Data:
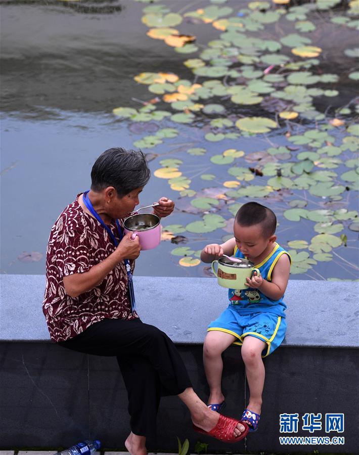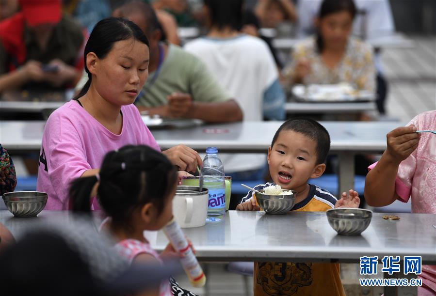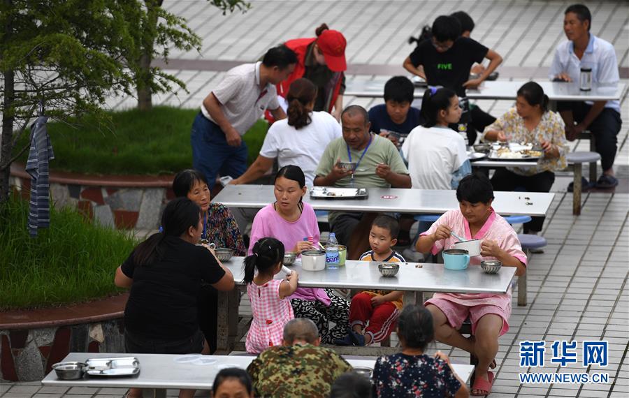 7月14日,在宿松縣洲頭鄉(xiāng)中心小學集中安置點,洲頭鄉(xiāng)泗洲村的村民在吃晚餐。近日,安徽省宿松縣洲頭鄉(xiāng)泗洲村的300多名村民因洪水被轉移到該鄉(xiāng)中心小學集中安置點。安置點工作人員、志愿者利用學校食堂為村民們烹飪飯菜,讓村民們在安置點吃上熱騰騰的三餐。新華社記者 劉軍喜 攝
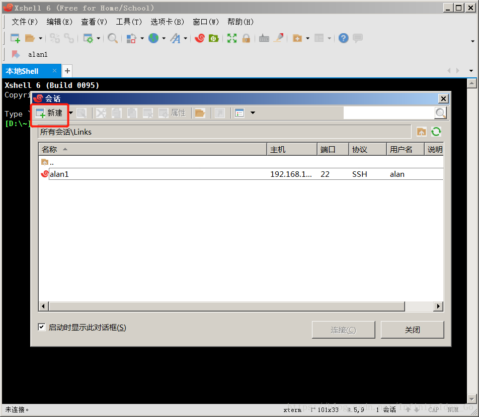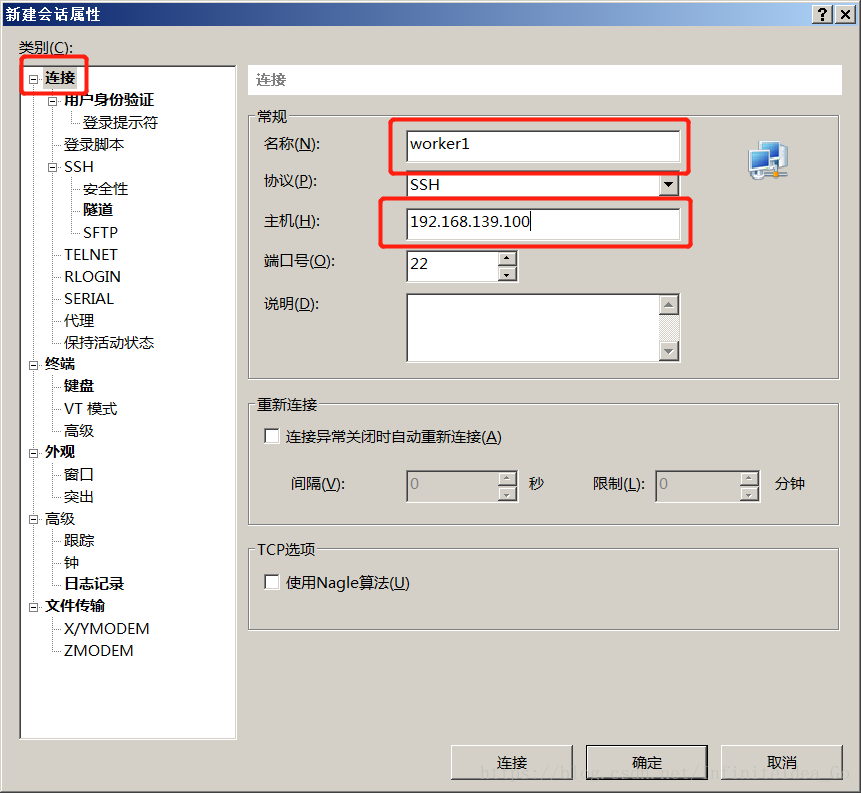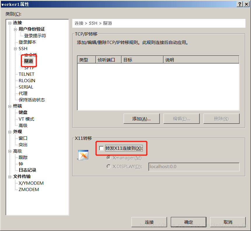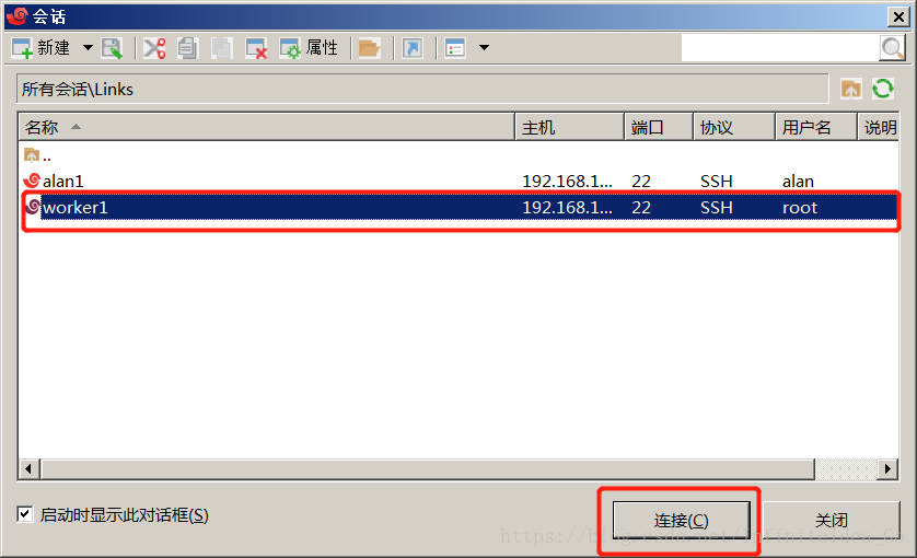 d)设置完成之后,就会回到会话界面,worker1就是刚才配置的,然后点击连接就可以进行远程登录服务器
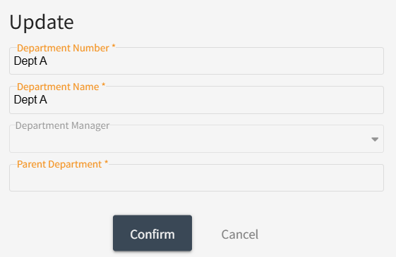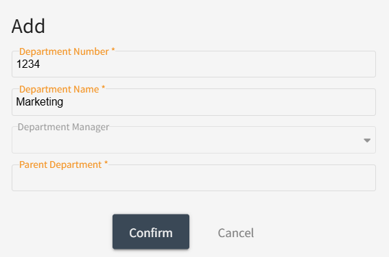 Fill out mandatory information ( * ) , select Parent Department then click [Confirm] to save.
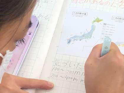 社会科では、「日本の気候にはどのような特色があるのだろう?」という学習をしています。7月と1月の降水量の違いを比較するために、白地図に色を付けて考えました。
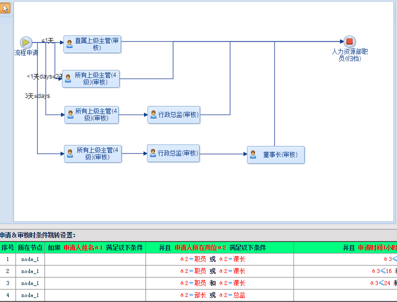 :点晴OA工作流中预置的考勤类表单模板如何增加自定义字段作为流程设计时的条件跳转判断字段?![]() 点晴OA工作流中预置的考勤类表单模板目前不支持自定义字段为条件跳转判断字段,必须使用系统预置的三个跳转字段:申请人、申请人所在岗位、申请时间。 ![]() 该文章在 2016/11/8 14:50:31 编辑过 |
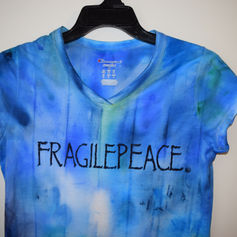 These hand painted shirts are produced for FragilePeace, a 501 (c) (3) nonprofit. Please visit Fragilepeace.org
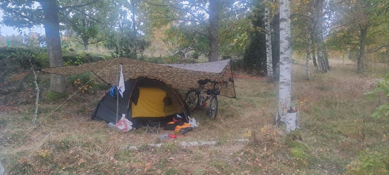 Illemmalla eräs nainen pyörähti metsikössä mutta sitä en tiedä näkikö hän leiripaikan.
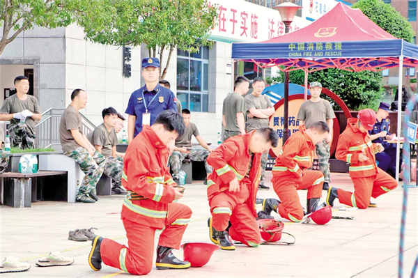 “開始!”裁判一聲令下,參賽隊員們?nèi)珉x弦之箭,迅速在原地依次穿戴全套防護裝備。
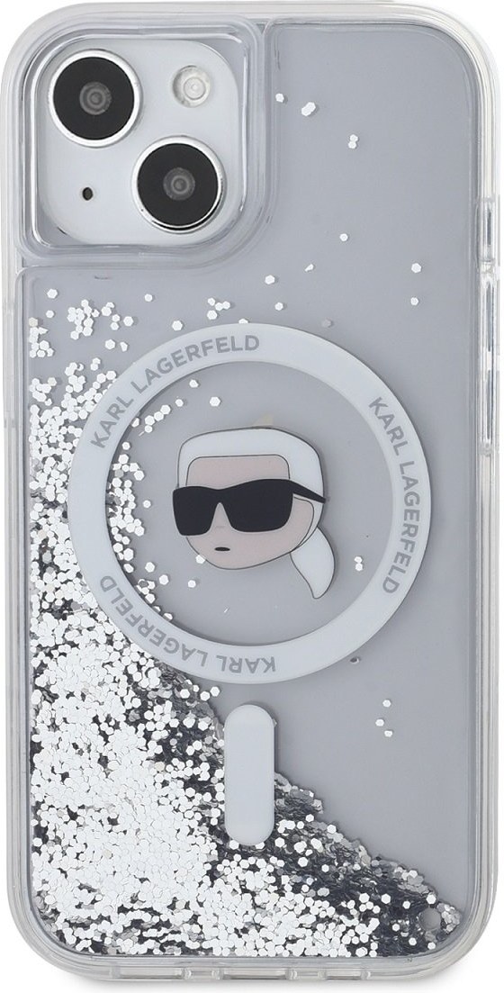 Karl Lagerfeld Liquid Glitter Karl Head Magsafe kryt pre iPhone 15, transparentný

---

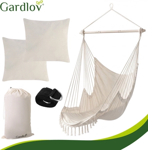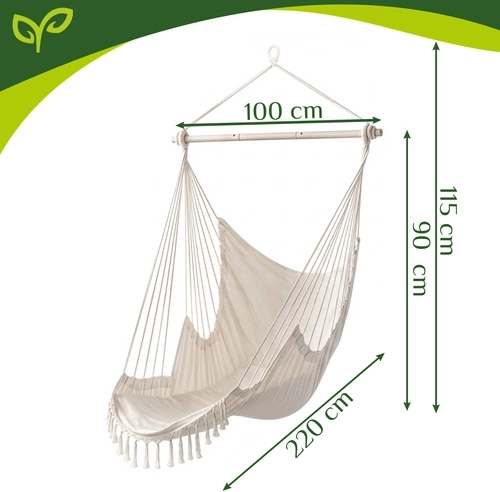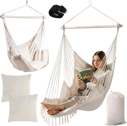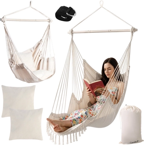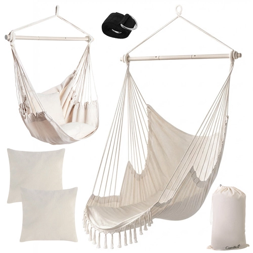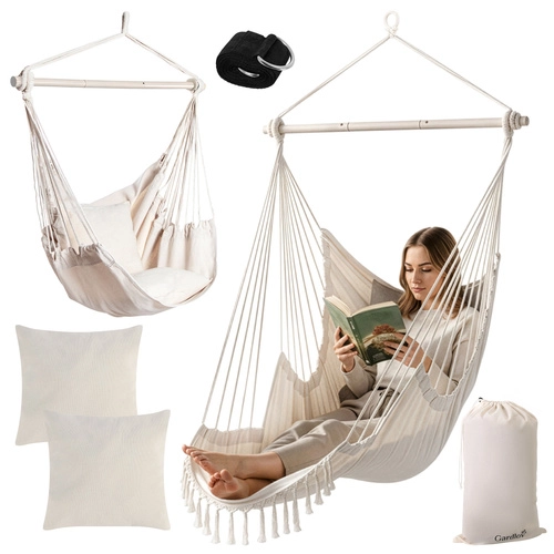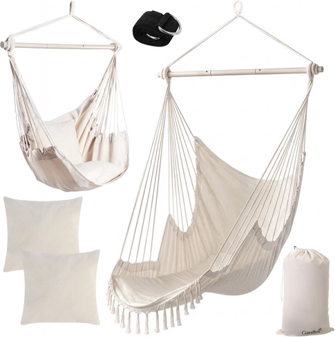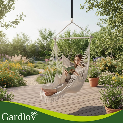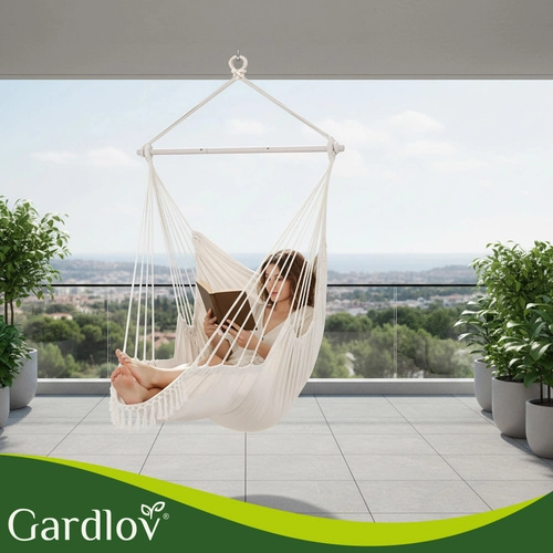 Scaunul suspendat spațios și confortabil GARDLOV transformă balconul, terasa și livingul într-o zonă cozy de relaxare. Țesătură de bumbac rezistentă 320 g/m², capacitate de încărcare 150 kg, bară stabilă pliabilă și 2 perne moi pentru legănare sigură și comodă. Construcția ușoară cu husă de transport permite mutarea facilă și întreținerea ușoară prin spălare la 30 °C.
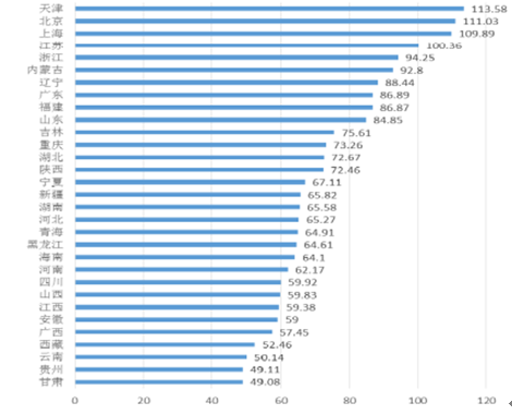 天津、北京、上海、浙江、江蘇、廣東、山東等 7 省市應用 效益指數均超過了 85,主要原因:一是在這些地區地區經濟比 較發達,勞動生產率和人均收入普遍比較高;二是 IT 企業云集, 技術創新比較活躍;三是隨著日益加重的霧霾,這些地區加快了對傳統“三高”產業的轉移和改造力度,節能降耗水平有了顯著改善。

What needs to be done:
The reply should hold exactly the lines above, starting at the line with "社会科では、「日本の気候には" and ending at the line with "Illemmalla eräs nainen", and no pictures.

Result of the task:
 社会科では、「日本の気候にはどのような特色があるのだろう?」という学習をしています。7月と1月の降水量の違いを比較するために、白地図に色を付けて考えました。
 :点晴OA工作流中预置的考勤类表单模板如何增加自定义字段作为流程设计时的条件跳转判断字段?![]() 点晴OA工作流中预置的考勤类表单模板目前不支持自定义字段为条件跳转判断字段,必须使用系统预置的三个跳转字段:申请人、申请人所在岗位、申请时间。 ![]() 该文章在 2016/11/8 14:50:31 编辑过 |
 These hand painted shirts are produced for FragilePeace, a 501 (c) (3) nonprofit. Please visit Fragilepeace.org
 Illemmalla eräs nainen pyörähti metsikössä mutta sitä en tiedä näkikö hän leiripaikan.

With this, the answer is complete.